Schedules I and II, referred to in subsec. (a), are set
out in section 812(c) of this title.
AMENDMENTS
2010—Subsec. (b)(3). Pub. L. 111–273 added par. (3).
Statutory Notes and Related Subsidiaries
EFFECTIVE DATE
Section effective on first day of seventh calendar
month that begins after Oct. 26, 1970, see section 704 of
Pub. L. 91–513, set out as a note under section 801 of
this title.

§ 829. Prescriptions
(a) Schedule II substances
Except when dispensed directly by a practitioner, other than a pharmacist, to an ultimate
user, no controlled substance in schedule II,
which is a prescription drug as determined
under the Federal Food, Drug, and Cosmetic Act
[21 U.S.C. 301 et seq.], may be dispensed without
the written prescription of a practitioner, except that in emergency situations, as prescribed
by the Secretary by regulation after consultation with the Attorney General, such drug may
be dispensed upon oral prescription in accordance with section 503(b) of that Act [21 U.S.C.

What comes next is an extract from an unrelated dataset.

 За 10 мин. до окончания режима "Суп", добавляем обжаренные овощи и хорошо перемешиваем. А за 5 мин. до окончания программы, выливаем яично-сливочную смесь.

353(b)]. Prescriptions shall be retained in conformity with the requirements of section 827 of
this title. No prescription for a controlled substance in schedule II may be refilled.

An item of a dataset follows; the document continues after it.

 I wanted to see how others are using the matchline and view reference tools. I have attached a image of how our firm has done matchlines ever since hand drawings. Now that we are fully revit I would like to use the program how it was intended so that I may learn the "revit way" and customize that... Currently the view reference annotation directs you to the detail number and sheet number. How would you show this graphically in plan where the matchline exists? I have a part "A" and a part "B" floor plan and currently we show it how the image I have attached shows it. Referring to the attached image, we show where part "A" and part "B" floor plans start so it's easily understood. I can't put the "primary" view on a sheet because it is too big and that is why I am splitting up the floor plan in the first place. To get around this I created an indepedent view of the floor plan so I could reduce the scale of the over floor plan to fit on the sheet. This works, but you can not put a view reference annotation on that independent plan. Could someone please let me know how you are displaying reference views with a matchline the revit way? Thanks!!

(b) Schedule III and IV substances
Except when dispensed directly by a practitioner, other than a pharmacist, to an ultimate
user, no controlled substance in schedule III or
IV, which is a prescription drug as determined
under the Federal Food, Drug, and Cosmetic Act
[21 U.S.C. 301 et seq.], may be dispensed without
a written or oral prescription in conformity
with section 503(b) of that Act [21 U.S.C. 353(b)].
Such prescriptions may not be filled or refilled
more than six months after the date thereof or
be refilled more than five times after the date of
the prescription unless renewed by the practitioner.
(c) Schedule V substances
No controlled substance in schedule V which is
a drug may be distributed or dispensed other
than for a medical purpose.
(d) Non-prescription drugs with abuse potential
Whenever it appears to the Attorney General
that a drug not considered to be a prescription
drug under the Federal Food, Drug, and Cosmetic Act [21 U.S.C. 301 et seq.] should be so considered because of its abuse potential, he shall
so advise the Secretary and furnish to him all
available data relevant thereto.
(e) Controlled substances dispensed by means of
the Internet
(1) No controlled substance that is a prescription drug as determined under the Federal Food,
Drug, and Cosmetic Act [21 U.S.C. 301 et seq.]

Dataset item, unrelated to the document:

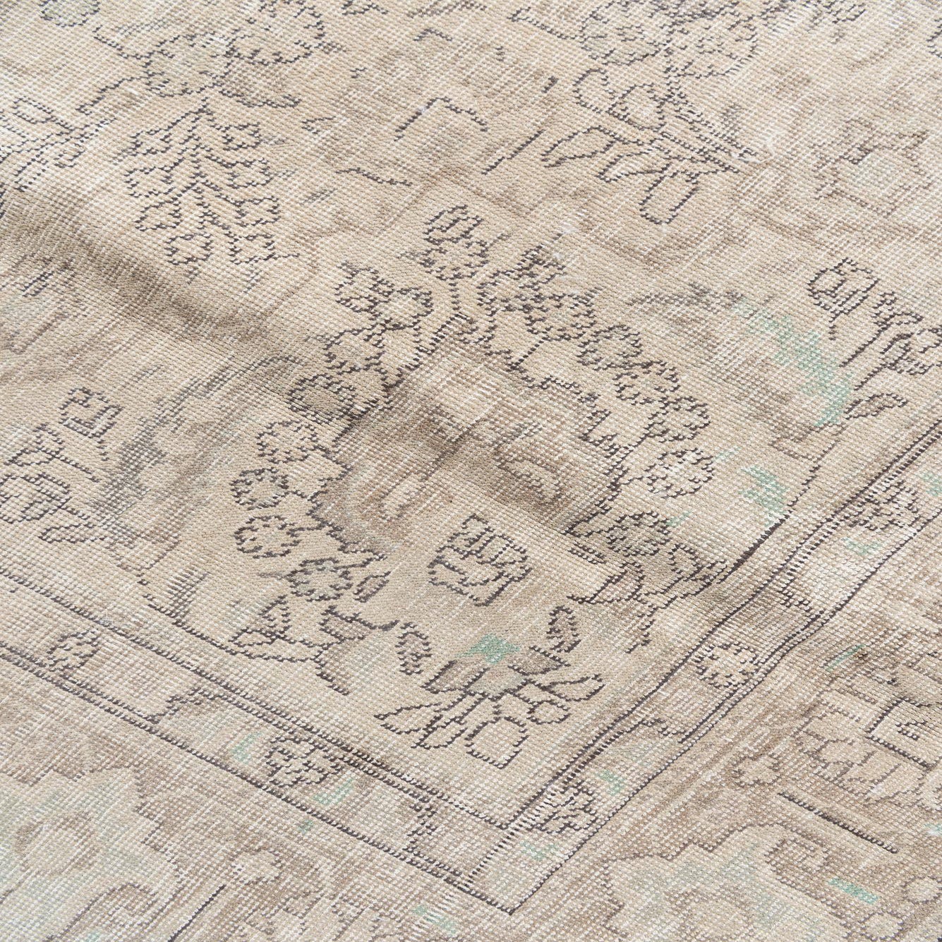 Primary color is Beige. Colors in this rug include: Beige, Black, Brown, Ivory, Green.

may be delivered, distributed, or dispensed by
means of the Internet without a valid prescription.

§ 829

(2) As used in this subsection:
(A) The term ‘‘valid prescription’’ means a
prescription that is issued for a legitimate
medical purpose in the usual course of professional practice by—
(i) a practitioner who has conducted at
least 1 in-person medical evaluation of the
patient; or
(ii) a covering practitioner.
(B)(i) The term ‘‘in-person medical evaluation’’ means a medical evaluation that is conducted with the patient in the physical presence of the practitioner, without regard to
whether portions of the evaluation are conducted by other health professionals.
(ii) Nothing in clause (i) shall be construed
to imply that 1 in-person medical evaluation
demonstrates that a prescription has been
issued for a legitimate medical purpose within
the usual course of professional practice.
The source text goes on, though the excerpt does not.